Crystalline hydroxyapatite/graphene oxide complex by low-temperature sol-gel synthesis and its characterization

This study presents a method for synthesizing hydroxyapatite (HA) with high crystallinity at low temperatures using a small amount of graphene oxide (GO), and the characters of produced GO/crystalline HA complex was investigated. The morphology and components of the synthesized HA (i.e., HA/GO) were analyzed through scanning electron microscopy, X-ray diffraction and transmission electron microscopy; additionally, the yield of the HA/GO was assessed. The HA/GO results were analyzed by comparing them with those obtained using HA synthesized without GO as a control group. A yield of similar to 4 mg of HA/GO was attained by the use of 100 mu g of GO, demonstrating 20% improvement over the control group. The crystal phase analysis confirmed that crystalline HA of fine quality with nano-size was simply synthesized without intermediate phases using adding a small amount of GO, and the synthesized HA without GO is consist of intermediate phases (brushite and octacalcium phosphate) and hydroxyapatite. Biological characteristics of HA/GO were assessed through the behavioral analysis of mesenchymal stem cell attachment, proliferation, differentiation, and its protein adhesion capacity.

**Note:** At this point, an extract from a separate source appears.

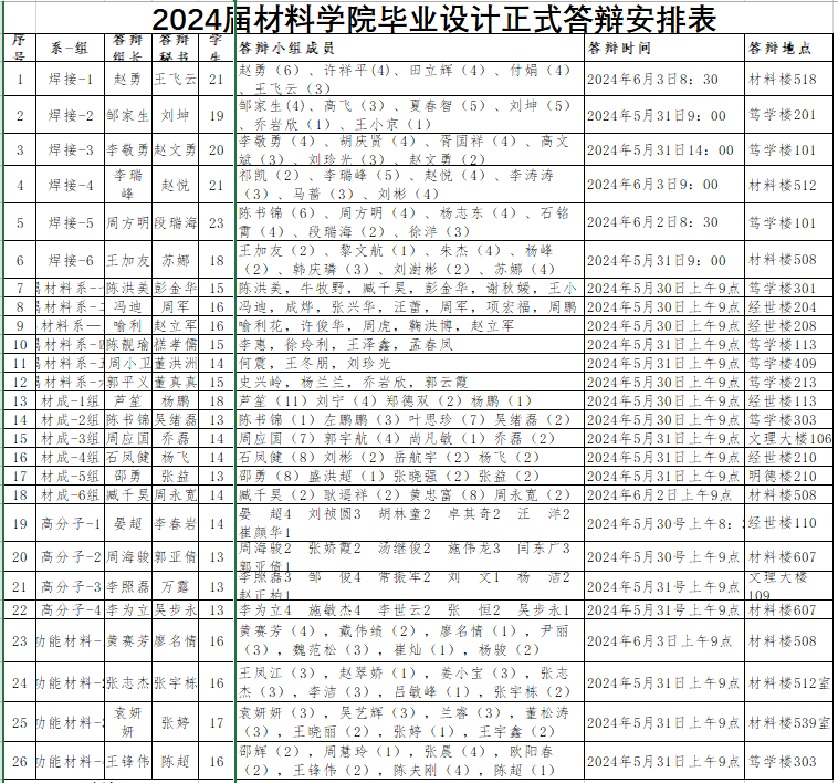 据悉,2024届毕业论文答辩将于5月30日正式开始,共有417人参与答辩,共26组。具体安排如下:

HA/GO exhibited excellent biocompatibility and osteogenic differentiation behavior together with better protein adhesion ability than HA. These results demonstrate potential of HA/GO for application in bone tissue engineering. Thus, HA/GO can be developed as a biomimic biocomposite by combining it with bioactive molecules such as growth factors.

Automated summary

This study introduces a method for synthesizing high quality and nano-sized hydroxyapatite with graphene oxide, resulting in a 20% increase in yield compared to hydroxyapatite synthesized without graphene oxide. Biological analysis shows that the HA/GO complex exhibits excellent biocompatibility, osteogenic differentiation behavior, and better protein adhesion capacity than pure HA. These results suggest the potential application of HA/GO in bone tissue engineering, especially when combined with bioactive molecules such as growth factors.